Robert Loera, who owns Kite Fantasy in Lahaina, an official Ty outlet, had Beanie Babies sitting on his shelves for years. "Then last summer, tourists began buying them all up," he said. "They'd come in and ask how many they could buy. Was there an upper limit? I'd never heard anyone ask that in a retail store before. They'd buy $500 worth of Beanies. Wow!"
Wallace owns just one Beanie -- the bat. "Why? Well ... I kinda like bats. I'm not a collector," he said. "I'm a broker, a trader in commodities."
Wallace gets his Beanies primarily through "secondary markets," Ty retailers who will sell him maybe half their stock. His contacts are proprietary and took a while to build up, and so when other venders ask where THEY can score some of these hot-selling toys, Wallace is deliberately not much help.
By Ken Sakamoto, Star-Bulletin
Taylor Wagen sells Beanie Babies at
the Kam Drive-In Swap Meet.
The deal Ty gives to shops such as Kite Fantasy is simple: A $7,000 limit, and no more than 36 of any style. "And often you'll only get $4,000, and not everything you ask for," said Loera. "But the guy down the street may have gotten them. So the consumers have to go from store to store. It's genius marketing."I'm convinced that Ty has some sort of super-duper computer that makes distribution deliberately random, and yet keeps the market from being over-saturated."
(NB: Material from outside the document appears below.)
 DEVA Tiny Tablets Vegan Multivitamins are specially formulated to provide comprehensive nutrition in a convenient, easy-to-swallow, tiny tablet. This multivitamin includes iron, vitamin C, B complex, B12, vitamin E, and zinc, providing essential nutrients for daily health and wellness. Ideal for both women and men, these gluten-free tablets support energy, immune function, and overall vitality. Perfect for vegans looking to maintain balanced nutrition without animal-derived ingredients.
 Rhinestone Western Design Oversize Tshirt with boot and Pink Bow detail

Ty also frowns on stores marking prices up. "They're sending out harsh letters to Ty venders who mark up the toys beyond the suggested retail, because then it's no longer a toy that kids can afford."
Wallace said that one outlet in the airport marked up Beanies from $8 to $15 in only a couple of weeks.
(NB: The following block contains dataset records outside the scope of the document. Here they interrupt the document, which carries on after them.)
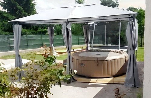 This house is surrounded by a lovely garden with a private entrance, where you can unwind. The outdoor furniture is perfect for al fresco dining or just enjoying a drink in the sunshine. The jacuzzi awaits you for moments of relaxation after a day of exploring the sights.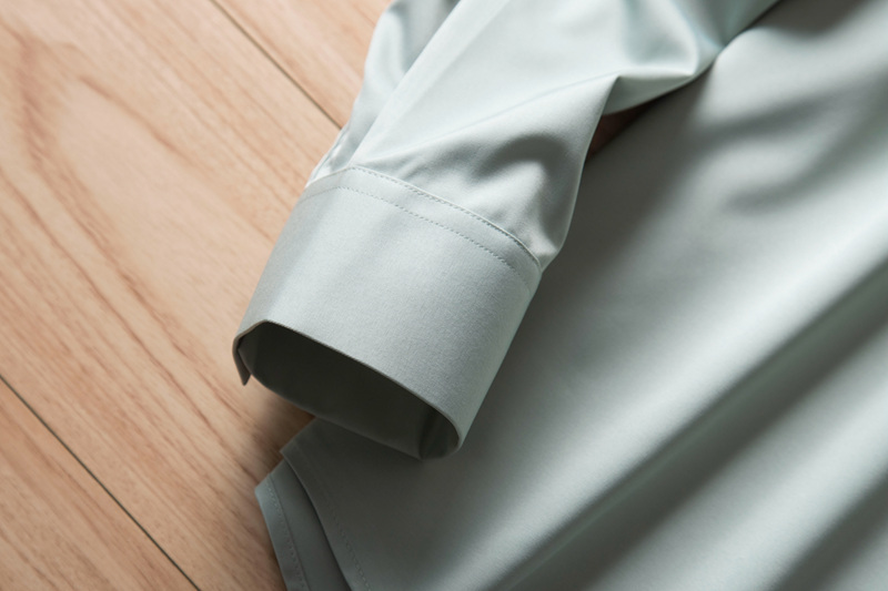 シルク混素材を使用した長袖メンズシャツ。形態安定加工により、洗濯後もシワになりにくく、お手入れが簡単です。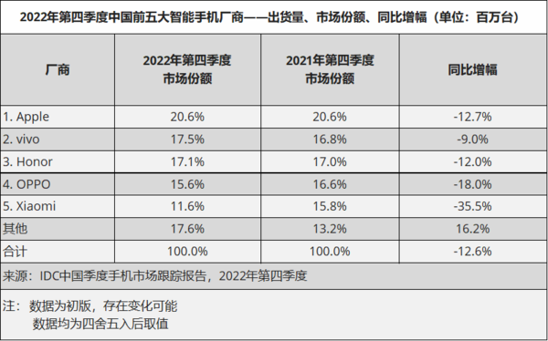 1月(yuè)29日,數據公司IDC公布了(le)2022年第四季度以及全年智能手機出貨量數據。數據顯示,2022年第四季度中國智能手機市場(chǎng)出貨量約7292萬台,同比下(xià)降12.6%。2022年全年中國智能手機市場(chǎng)出貨量約2.86億台,同比下(xià)降13.2%。時(shí)隔10年,中國智能手機市場(chǎng)出貨量再次回落到3億以下(xià)市場(chǎng)大(dà)盤。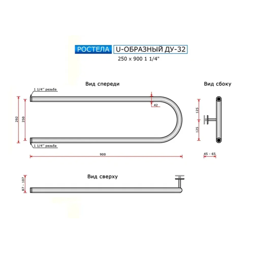 Тип: водяной , Форма: П-образный , Материал: нержавеющая сталь , Подключение: боковое , Посадочное (межосевое) расстояние: 250 мм, Посадочный диаметр: 1 1/4 ", Высота: 25 см, Ширина: 90 см, Цвет: полированная сталь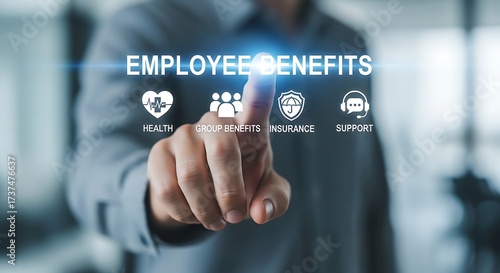 Employee benefits concept a finger touches a digital screen displaying icons for health, retirement, insurance, and career support, highlighting company perks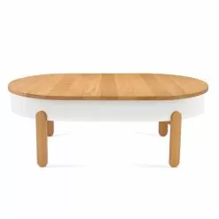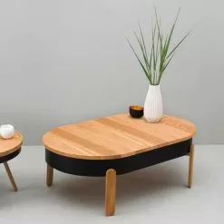 This coffee table is characterized by an extremely functional and modern design, ideal for environments that need a touch of personality. Its simple and sinuous lines combined with quality materials and workmanship by skilled craftsmen in the sector allow to obtain a unique final product, perfect for furnishing modern living rooms with a refined style. Composed of solid oak top and legs and a matt lacquered metal structure, the coffee table allows excellent stability and strength as well as resistance over time and is easily cleaned thanks to the use of a simple damp cloth.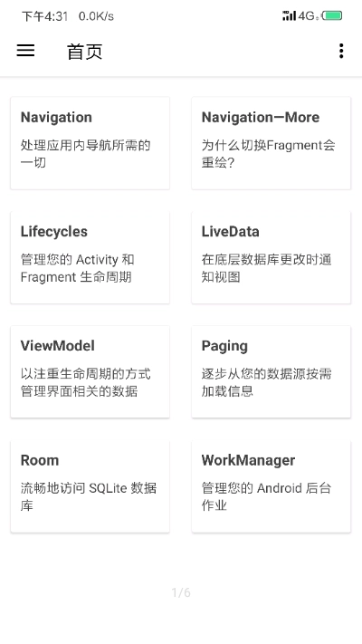 您好,欢迎体验JetpackNote!这是一个依托谷歌Jetpack组件构建的笔记类项目,涵盖了Navigation、Lifecycles、Paging、LiveData、ViewModel等核心组件的源码解析与Demo实践。项目全程采用Kotlin语言开发,所使用的依赖库均为代码编写阶段的最新版本,更多详细内容可前往Github了解。

Counterfeit Beanies are becoming a problem. "When you've got toy bears worth $2,300, sure, you're going to get fakes," said Wallace. "Some are really good knock-offs. Thank goodness for the Internet: There are lots of Beanie pages telling you how to spot counterfeits."
Both Wallace and Loera said the primary smugglers are flight attendants returning from the Far East.
Seen any purple-blue Peanuts? Only a few thousand Peanut the Elephant Beanies were made before Ty decided it didn't like that color. This makes it the rarest Beanie, typically going for $5,000 or more.
"I saw someone pay $5,500 for one at the toy expo last week," said Wallace. "Everyone's got different-sized wallets. This one was for for a kid who had ALL the Beanies except that one."
That's one way of communicating with your kids. Wallace said he sees a lot of mother-daughter teams haunting the Beanie tables, laughing and having a good time. "The good thing about the toy is that it's universal."
Not quite. Beaniemania is a North America -- and recently European -- phenomenon. The rest of the world doesn't amount to a hill of Beanies. Not yet.
When Loera gets in new Beanies, he puts them on the shelf at random times so that kids have an equal shot at purchasing the toy. "I usually wait until school is out, after 3:30," he said.
"The hard-core collectors, the ones who put the toys in acrylic cases, are still a minority," said Wallace.
"The regular buyer is still a guy who sees a cute $5 toy, buys it and rips off the tag and gives it to his kid, who sucks on its head all day. Gee, Dad, it's only a toy. Get a grip."